見出し画像

テクノロジーを隠す理由

ここ最近、自分のやってること、siroという会社の特徴を棚卸ししようと思って、言語化に取り組んでる。その作業の前段階はAIとの対話になる。自分の情報、会社の情報をできるだけ渡して、分析を頼む。その上で、自分の仮説を伝えたりして議論していくわけだ。

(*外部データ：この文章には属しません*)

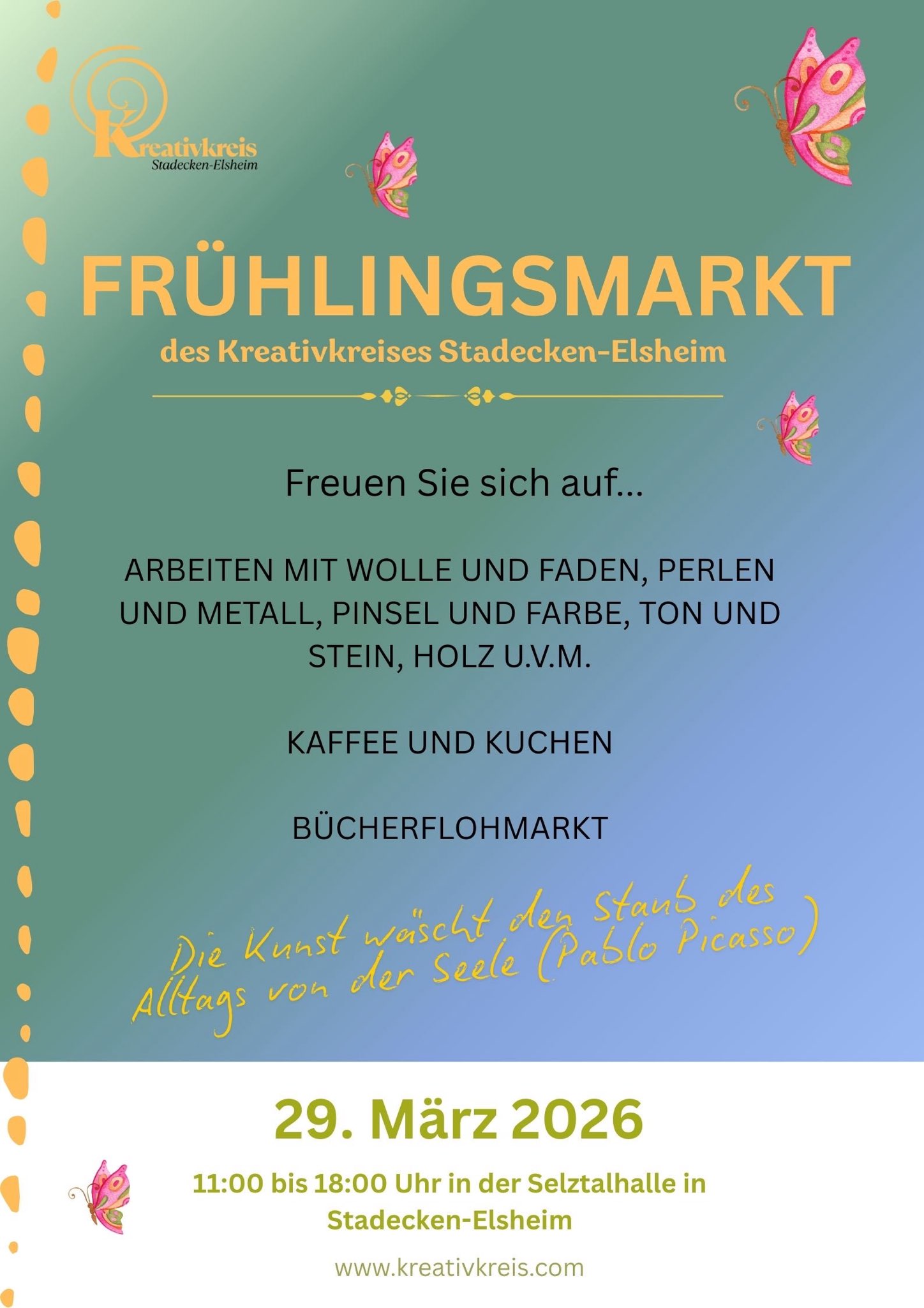 Dieses Jahr findet der beliebte Frühlingsmarkt des Kreativkreises am 29.03. zwischen 11:00 und 18:00 in der Selztalhalle statt.
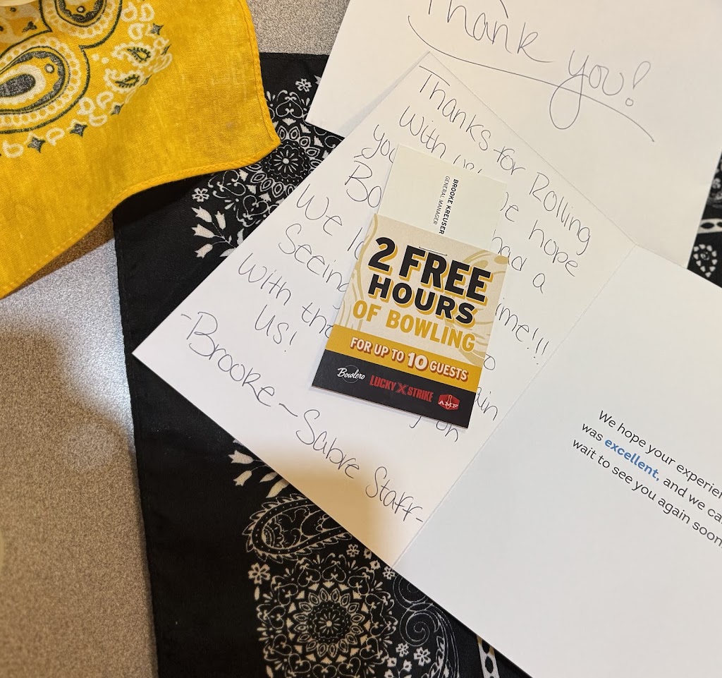 While family was visiting from Denver, we decided on bowling on a rainy day. Sabre Lanes had just opened and we piled out of the car to the door. A fun place to bring the kids. Everything was clean and a friendly staff. Perfect family place to spend quality time with family or friends. My only concern was the price. A bit more than my budget expected.
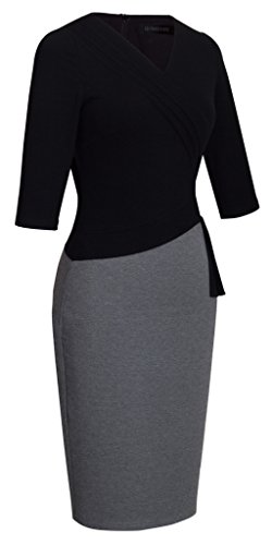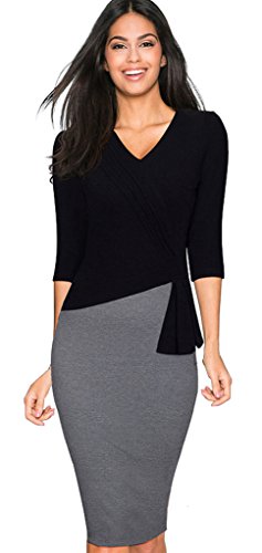 -. Binding : Apparel -. Brand : HOMEYEE -. Department : womens -. Feature : Style: Vintage Peplum Stretchy Stylish Party Business Dress / Feature: 3/4 Sleeve & V-Neck & Knee-Length & A zipper at back / Color: Black & Gray / Occasion: Suitable for many occasions like business, work, party, banquet, cocktail and so on / ***Pls check the size information in the below product description before you decide to buy it!!!(Note:The Generic Amazon Size Chart is not our size) -. ProductGroup : Apparel -. ProductTypeName : DRESS -. Title : HOMEYEE Women's Elegant Patchwork 3/4 Sleeve Wear to Work Bodycon Dress B333

その中で、AIたちがみんな特徴だと語りがちな私の作る上での思想がある。それは、「テクノロジーをひっそりと使う」という点だ。

テクノロジーを武器としてるのに?

もともと、テクノロジーを扱えることを武器にしてきたので、テクノロジーの難易度やクオリティという点で自負がある。なのだが、それを強くだすことはそんなに好きではない。

AIたちの語りとしては、テクノロジーを自己のアイデンティティとしてるなら普通見せたいでしょって言ってくる。ビジネスとしても「売り」を目立たせるべきだという主張もあった。とやかく言われようが、そんなことはあまり好きではないのだからしょうがない。

好み

理由を何種類かの軸で説明する。

何と言っても、まずは好みだ。自分で作ったものを自分が欲しいと思わないというのはいかがなものかと思ってる。なので、作ったものを家に置きたいか?という問いを自分に投げることがある。

例えばこれだ。

音楽の棚

これは、家具として作ったものだが、当然カラクリがある。扉を開いた棚に設定された音楽が流れるのだ。つまり、これは家具のようでいて、プレイリストのセレクターなのだ。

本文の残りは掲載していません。